The microbiological investigations typically undertaken as part of the management of infectious disease in both individuals and populations can be broadly characterised as addressing at least one of the following questions:

• What organism is causing the infection?

• What drugs can be used to treat it?

• How is it related to other similar infections?

Information obtained from whole genome sequencing of pathogens could, in principle, contribute to answering all of these questions. The application of pharmacogenomics to infectious diseases requires consideration of the genomes of both the pathogen and the host. The pathogen's genome may be used for antigen identification, to identify infecting organisms, and to determine antimicrobial resistance. Diagnostic tool development and vaccine design can be aided by knowing which portions of a pathogen are important antigenic determinants. The unique genetic makeup of a pathogen can facilitate its identification as an augmentation to the traditional culture.

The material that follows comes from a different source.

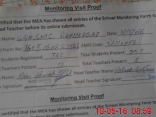| EMIS Code: 36110093 | Name of School: GGHS MC RAHIM ABAD MULTAN | |||

Important genes conferring resistance to antibiotics can be detected, and this information can be used to choose appropriate antibiotic therapy. The genome of the host may reveal susceptibility genes and new drug targets that may be used in the treatment of infectious diseases. Thus far, polymorphisms in genes of the host immune system have been associated with susceptibility to infections and response to treatment. Pharmacogenomics has the potential to revolutionize the prevention, diagnosis, and treatment of infectious diseases.

The therapeutic management of infectious diseases has been challenged by the soaring phenomenon of antibiotic resistance, the high rate of which is mainly due to improper and/or aspecific prescription and use of antimicrobials.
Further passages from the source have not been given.